Les êtres et les choses n’existent que par
le commandement de Dieu. Dieu ne peut devenir une partie de Sa création et ne
peut « engendrer » Sa création. Dieu est Dieu, le Créateur, tandis
que les hommes et tout ce que contient l’univers sont Sa création. Bien que
les humains ne puissent réellement saisir le concept de création à partir du
néant, c’est pourtant exactement ce que Dieu fait.

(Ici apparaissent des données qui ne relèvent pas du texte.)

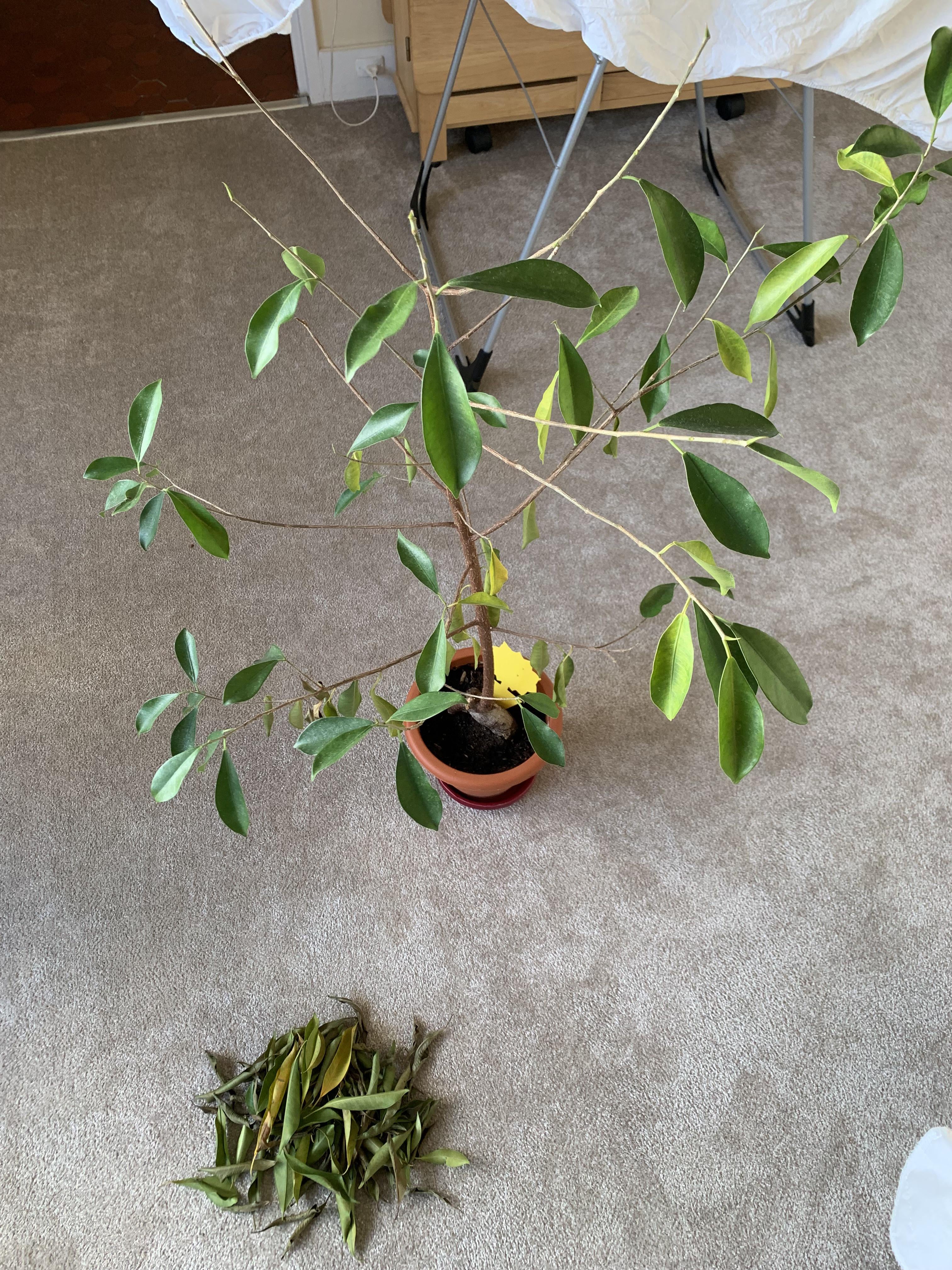 Vor einer Woche, als ich in den Urlaub fuhr, ging es ihm nicht besonders gut. Er verlor viele Blätter und der Boden war voller Mücken. Vor meiner Abreise habe ich Mücken, den gelben Aufkleber und Nematoden behandelt. Nach einer Woche ohne Wasser ist das Ergebnis, 3/4 der Blätter sind abgefallen, aber immerhin keine Mücken mehr. So ist heute die Hälfte seiner Zweige blattlos und die Hälfte der Blätter fällt nach unten und wird gelb. Wie kann ich es speichern? Soll ich es mehr gießen, den Standort ändern, die Zweige ohne Blätter abschneiden? Ich gieße es einmal pro Woche, indem ich die Erde bewässere, und entferne dann nach 15 Minuten das überschüssige Wasser in den Topf darunter. Er befindet sich in einem beheizten Innenraum, 1 m vom Fenster entfernt.

Il est le Seul à pouvoir
créer à partir du néant et c’est là l’un des attributs qui font de Lui un Être
unique et distinct de Sa création. Son acte de création est totalement
différent de celui des humains.
C’est là l’essence du message transmis par
tous les messagers et prophètes que Dieu a envoyés à l’humanité – Abraham,
Moïse, Jésus et Mohammed, entre autres – de même que tous ceux dont nous ne
connaissons pas le nom (que la paix et les bénédictions de Dieu soient sur eux
tous). De nos jours, ce message, à son état pur, ne se trouve que dans le
Coran, le dernier Livre que Dieu a révélé à l’humanité. Si le message ne se
trouve plus que dans le Coran, c’est que ce dernier est demeuré inchangé depuis
sa révélation, il y a de cela mille quatre cents ans.
À l’intention de ceux qui Le rabaissent au
niveau de Sa création, Dieu dit, dans le Coran :
« Rien ne Lui ressemble. » (Coran 42:11)
À ceux qui Lui
attribuent un fils, Il dit:
« ... il ne sied nullement à (la majesté) du Tout Miséricordieux d’avoir
un fils! » (Coran 19:92)
À ceux qui croient qu’Il a créé le
monde à partir de Lui-même :
« Quand Il décide une chose, Son commandement se résume à dire :
« Sois », et elle est aussitôt! » (Coran 36:82)
Aux polythéistes, Il affirme :
« Dieu ne S’est point attribué de fils et il n’existe aucune autre
divinité avec Lui; sinon, chaque divinité se serait sûrement emparée de ce
qu’elle aurait créé, et certaines en auraient dominé d’autres. » (Coran
23:91)
Et Il demande aux athées :
« Ont-ils été créés à partir de rien? Ou sont-ils eux-mêmes les
créateurs? » (Coran 52:35)
Puis, faisant référence à Jésus et à sa mère, Marie, Il confirme qu’ils n’étaient autres que des êtres
humains :
« ... ils consommaient tous deux de la nourriture. » (Coran 5:75)
Il est très important, pour chaque
personne, de bien saisir le concept selon lequel Dieu ne peut S’incarner en
homme, car il constitue la différence fondamentale entre l’islam et les autres
religions. Toutes les autres religions, sans exception, ont une vision déformée
de Dieu, à des degrés divers. Le plus important à retenir, c’est que jamais
Dieu ne S’est incarné sous quelque forme que ce soit. Dieu est unique et Lui
seul mérite d’être adoré par Sa création. Croire qu’un homme est Dieu et
adorer cet homme est le plus grand péché que les hommes puissent commettre sur
cette terre. Comprendre cette vérité est extrêmement important, car c’est elle
qui peut mener l’homme au salut. Nul ne peut atteindre le salut sans croire à
cette réalité, bien que cette croyance ne soit pas l’unique clef du salut. Car
une croyance saine et véritable doit être mise en pratique et non pas demeurer
simplement au niveau du savoir et des connaissances. Une personne doit mener
une vie vertueuse basée sur la vérité et sur des croyances saines pour atteindre
le salut. Mais le point de départ consiste à bien connaître Dieu et Ses
attributs et à savoir et croire, tout au fond de soi, qu’il ne S’est jamais
incarné en homme ni sous aucune autre forme.